Конечно, Варя знала, что даже и мать ее склонялась уже теперь, испытав всякие мытарства, к решению уехать, но в каких-то тайниках ее самой незаметно совершалась работа неясных еще мыслей, может быть даже больше чувств, чем мыслей, что уезжать отсюда молодым и здоровым неудобно как-то, неловко почему-то, даже стыдно, пожалуй… низко.

— А что делают с дезертирами? — спросила Варя Дебу, который не успел еще найти, как ответить ей на раньше заданный вопрос.

— Расстреливают, кажется, — не понял ее Дебу.

— Как так расстреливают? Та сторона, на которую они бегут, их расстреливает?

— Ну, что вы! Зачем же! Там им, конечно, бывают очень рады…

— Ага! Вот видите: рады! Почему же?

— Да потому, во-первых, что они приносят сведения очень нужные, а затем благодаря перебежчикам этим противник ведь становится слабее численно: сегодня перебежит десять, завтра пятнадцать, глядь — целой роты у противника и нет!

— Вот видите! Роты и нет! — повторила Варя торжествующе, и Дебу еще не понимал, откуда взялся у нее этот торжествующий над ним тон, как Варя уже спешила с ним проститься, и потому, что шла она по делу, и потому, что хотела теперь остаться одна со своим решением, которое в ней созревало.

Конечно, разговор с Дебу продолжался в ее разгоряченном мозгу и тогда, когда она шла по делу дальше, и потом, когда возвращалась домой: это бывает часто, когда люди возбуждены. При этих отнюдь не праздных, впрочем, упражнениях мысли она будто бы спрашивала Дебу и не без насмешки:

«Странно в самом деле, почему это вы до сих пор не дезертировали к своим соплеменникам!» А он будто бы отвечал кротко: «Но ведь родился я все-таки в Петербурге, а не в Париже, где у меня нет ни родных, ни друзей, как нет их и во всей Франции. Арестантские роты я уж отбыл давно, а солдатчина моя кончается. Если только меня не убьют, то я ведь буду произведен, значит, получу снова все права и могу ехать куда угодно и делать что хочу…»

После этих слов, сказанных кротко, она простила ему даже и то, что он француз. Она и раньше не могла долго сердиться на Дебу. Он был, конечно, не так уж и молод и не то чтобы красив, но он слишком занимал ее мысли.

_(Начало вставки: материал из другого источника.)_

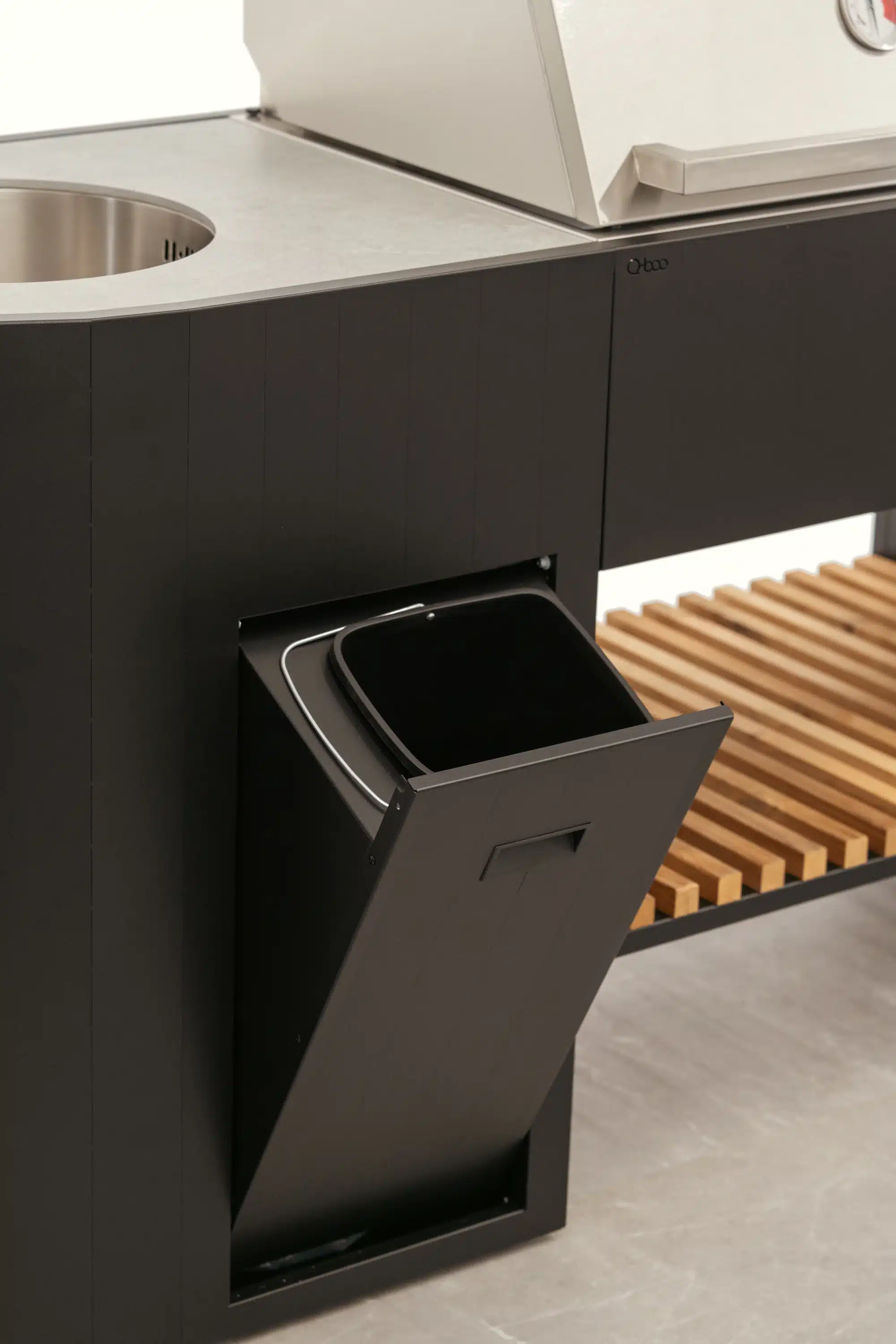 OVO GL je moderna zunanja kuhinja, zasnovana za udobno in funkcionalno pripravo hrane na prostem. Ohišje iz pocinkanega jekla s prašnim premazom zagotavlja visoko odpornost na vremenske vplive, medtem ko delovna plošča iz 8 mm Dekton® materiala nudi izjemno trpežnost, odpornost na praske in toploto.

Она представляла и то, что его, хотя и не в сражении, а на работах, но ранят точно так же, как капитана Хлапонина… Кто придет тогда навестить его в госпитале? Она… Придет и скажет: «Вы ранены ведь французами, не так ли? Или англичанами, союзниками французов, не все ли равно?.. Но родина ваша все-таки Петербург, а не Париж, — Россия, и вы ее защищали, как могли… И друзья ваши здесь, в России, в Севастополе, а не там, на Рудольфовой горе!»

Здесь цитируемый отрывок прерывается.